We still do not know exactly how these drugs work. They work differently on different people and there is much scope for the development of better medication. But they certainly have relevant, positive effects on the brain and the body.
Antidepressants reverse some of the physical effects of depression: increasing production of new brain cells, and reducing inflammation.
Studies using the most rigorous approaches (supported by publicly funded bodies, such as the Medical Research Council, not just pharmaceutical companies as Hari suggests) show that antidepressants lift the pervasive sadness at the core of clinical depression, albeit with varying effects on other symptoms such as sleep or appetite problems.
Hari’s realisation that helping people to connect with the things that really matter in life is essential to improving our mental health.
I, and vast swathes of other medical professionals strongly agree with this. This is no revelation, but it is useful that Hari spells it out.

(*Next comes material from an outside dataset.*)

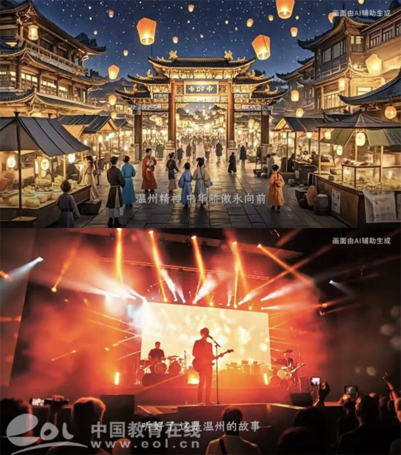 这不仅是一次创作,更是一场跨学科的“头脑风暴”。在ac米兰官网中文网站教育学院郑晓丽老师的“领航”下,团队将温州历史上“琴棋书画”的名人古迹通过前沿的AIGC技术一一重现,展现了“温州精神永不灭,时代永向前”的主旨。
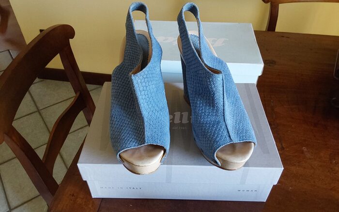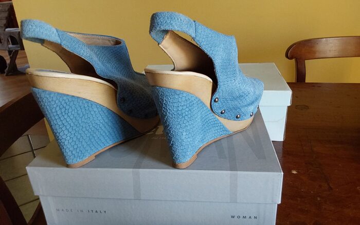 Zeppe numero 38, prese qui, mai messe perchè troppo alte per me, molto belle nessun difetto ottima fattura. Plantare in pelle, rivestimento scamosciato.

But suggesting that prescribing antidepressants to a patient who suffers from clinical depression is the equivalent of treating them as a “machine with malfunctioning parts” is wrong, unhelpful and even dangerous.
Contrary to the claim that too many people are prescribed antidepressants, only one in five people with depression in high-income countries receive help, either psychological or pharmacological.
In the developing world, a tiny fraction of people, only one in 27, get help.
There are many reasons for this: lack of information, insufficient mental health services, continuing stigma against patients and professionals.
Of course, it is important to emphasise that antidepressants are only one of a range of possible treatments for depression, and should only be prescribed for clinical depression, the disabling condition that I have described above.
Antidepressants are no cure-all, but demonising them plays into stigma meaning that, tragically, more people will be held back from receiving help for a debilitating condition.
These drugs are not perfect, but for now they are useful for many depressed patients. And they do save lives.